Short Course Listings
 
Short Course

Course Information
Course Title: Practical LC-MS Method Development for Small Molecules
Categories: 1 - Liquid Chromatography
2 - Liquid Chromatography-Mass Spectrometry
3 - Mass Spectrometry
4 - Sample Preparation
5 - Validation
Instructor(s): Perry Wang Course Number: 3
Affiliation: USFDA
Course Date: 03/05/2017 - Sunday Course Length: 1 Day Course
Start Time: 08:30 AM End Time: 05:00 PM
Fee: $575 ($775 after 2/18/17) Textbook Fee:

Course Description
This course offers practical training for the practical scientists. It will take the participants step-by-step through the concepts and techniques to develop LC-MS methods. The emphasis is on practical issues associated with developing LC-MS method for small molecules. It also emphasizes problem-solving skills with examples encountered in the pharmaceutical industry and other fields. This course will provide the participants with an updated overview and a solid working knowledge of LC-MS. The participants will learn useful theoretical concepts, instrumental fundamentals and operating principles, column basics and selection guide, and key applications. After this course, the participants will be able to independently develop their LC-MS methods for small molecules. New technologies and techniques, such as monolithic chromatography and hydrophilic interaction liquid chromatography (HILIC) will be presented. Since the pharmaceutical industry is regulated by GLP and GMP, some regulation and validation concepts will be introduced.

Target Audience
This one-day course is intended for analytical chemists, supervisors, lab managers, and researchers using LC-MS. It will benefit the scientists ranging from college graduates to professionals in the analytical field.

Course Outline
1. Introduction and Overview

 History, advantages, limitations, and modes
 Major modules and their function

2. Key Concepts

 Retention time (tR),
 Retention factor (k’)
 Separation factor (α)
 Column efficiency (N)
 Resolution (R)

3. Mobile Phase Factors

 Mobile phase selection
 Organic modifiers
 pH buffers
 pKa/pKb of analytes

4. Operating Parameters

 Flow rate
 Gradient time
 Column temperature (T)

5. Column Fundamentals and Selection

 Packed columns (support type, dimensions and particle size and pore size)
 Monolithic columns
 HILIC columns

6. van Deemter Equation

 Introduction of UPLC
 Introduction of UHPLC

7. Mass spectrometer (MS)

 Fundamental – mass resolution and mass accuracy
 Triple quadropole, TOF, Ion trap and Q-exactive
 How to tune and optimize an MS

8. Method Development Approaches

 Gathering pertinent analyte and sample information
 Finding or estimating pKa or pKb of the analytes
 Defining method type (reversed phase or normal phase or HILIC)
 Estimating buffer pH
 Scouting gradient to get the first chromatogram
 Fine-tuning and optimizing the method – solvent type and strength

9. Method Validation

 Accuracy
 Precision
 Linearity
 Weighting factors

10. Sample Preparation and Introduction of High Throughput Analysis

 Protein precipitation
 Liquid-liquid extraction
 Solid phase extraction
 Turbo-Flow technique

11. Special Topics

 Monolithic chromatography
 Hydrophilic interaction liquid chromatography
 Core-shell technology

Course Instructor's Biography
Dr.
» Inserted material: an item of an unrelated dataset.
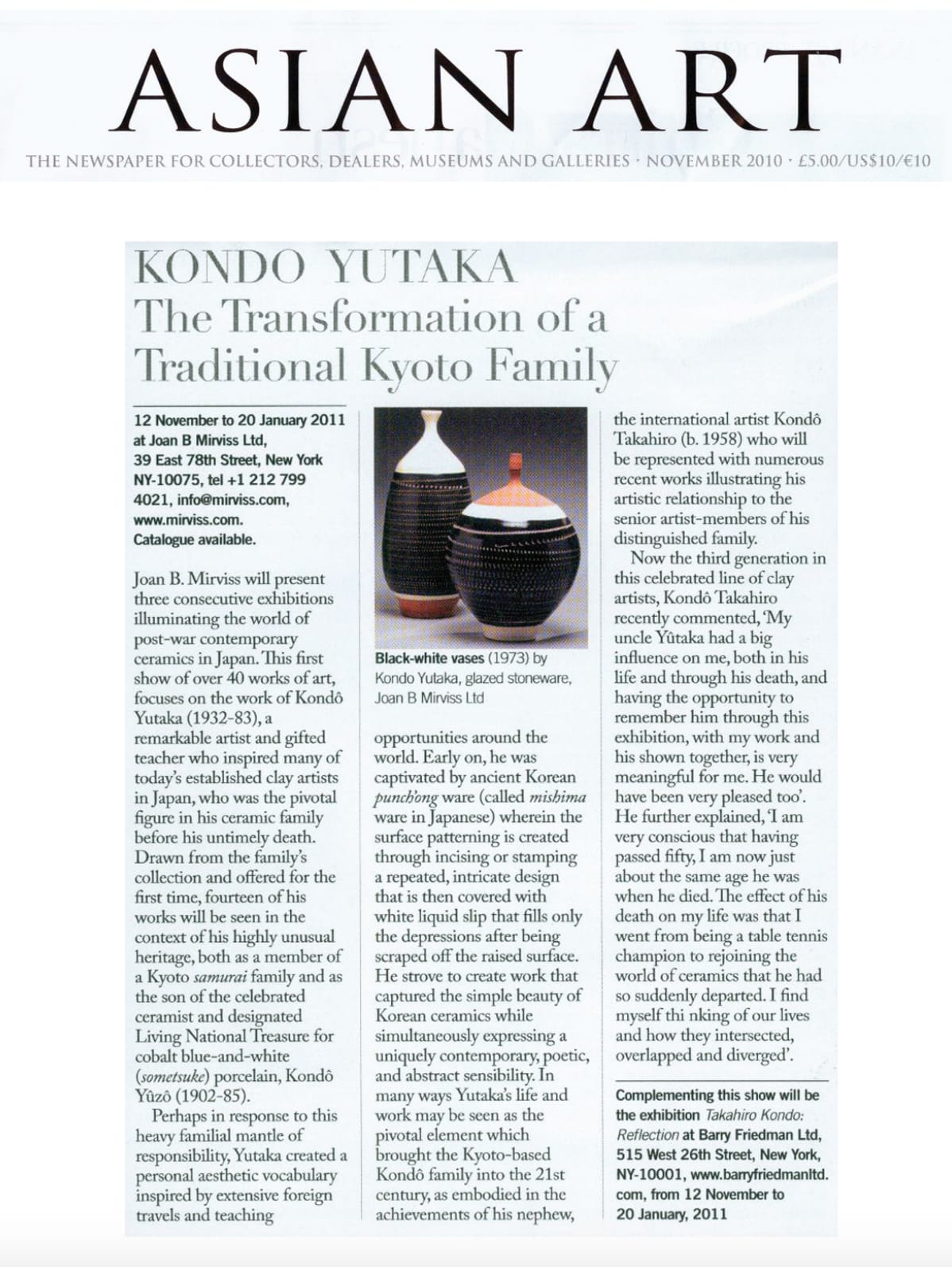 Joan B. Mirviss will present three consecutive exhibitions illuminating the world of post-war contemporary ceramics in Japan. This first show of over 40 works of art, focuses on the work of Kondô Yutaka (1932-83), a remarkable artist and gifted teacher who inspired many of today's established clay artists in Japan, who was the pivotal figure in his ceramic family before his untimely death. Drawn from the family's collection and offered for the first time, fourteen of his works will be seen in the context of his highly unusual heritage, both as a member of a Kyoto samurai family and as the son of the celebrated ceramist and designated Living National Treasure for cobalt blue-and-white (sometsuke) porcelain, Kondô Yûzo (1902-85).

Perry G. Wang is a research chemist in the Office of Regulatory Science, the US Food and Drug Administration (US FDA). His interests include analytical method development and validation for drugs and constituents of dietary supplements and cosmetic products using GC-MS/MS and LC-MS/MS. His expertise focuses on high-throughput bioanalytical method development and validation for the pharmaceutical industry by LC-MS/MS. He received his B.S. degree in chemistry from Shandong University. He earned his M.S. and Ph.D. degrees from Oregon State University.